Quote Originally Posted by Mister Adequate View Post
However, the game was tiny and felt it, as Spuuky says the problems with repeated dungeons/caves are massive. The tactics were also downgraded a good deal from Origins, but personally I still found the combat to be quite a lot of fun. Unlike Inquisition.

Boy I sure do love holding attack for 4 minutes to kill yet another damage sponge! Ended up turning the difficulty down over and over with that game because it's possibly the worst instance of "how to make a fight harder? give them more hp" I have ever seen. The fights were not a bit more difficult (The trial that adds random skills and can rank up enemies is far more effective at that) except inasmuch as it took patience to finish them. Makes DA2 look like god damn Command: MANO when it comes to tactics.
I like the combat in Inquisition, but the combat in DA games was never that groundbreaking. I'll take 'hold attack to kill' over 'mash attack to kill' any day. And even though DAI has the 'give more HP' issue, DA2 had the 'add more waves of enemies' issue which I like less. I'd rather fight a big thing with a ton of HP where my progress is clear than countless waves of the same enemy type where sometimes I have to search around to just to find the end of it.
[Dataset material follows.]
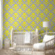 Intricate bright yellow flourishes on a soft light gray background. Perfect for adding classic European charm to accent walls, powder rooms, nurseries, or sophisticated event decor, this wallpaper offers a bold yet graceful statement. Its vintage textile pattern and modern color palette make it an ideal choice for those who love refined style with a contemporary twist.

It probably also depends a lot on the class you play. In DAI I'm a Knight Enchanter Mage and I can attack from afar with a staff, set a fire mine to blow up a group of enemies, let loose a barrage of attacks to build a charge then run in and whack it with my energy sword, turn invisible and reappear inside an enemy to knock it senseless, create barriers to keep me and the party safe, etc. It's all very easy but I like the variety. Compared to DA2 where I was a Rogue and pretty much every battle was run to enemy, mash attack, use Backstab whenever it is ready and random other vanilla skills when it's not. The only variety was when there were clumps of enemies and I could throw that potion bomb thing in to stun them. That was fun.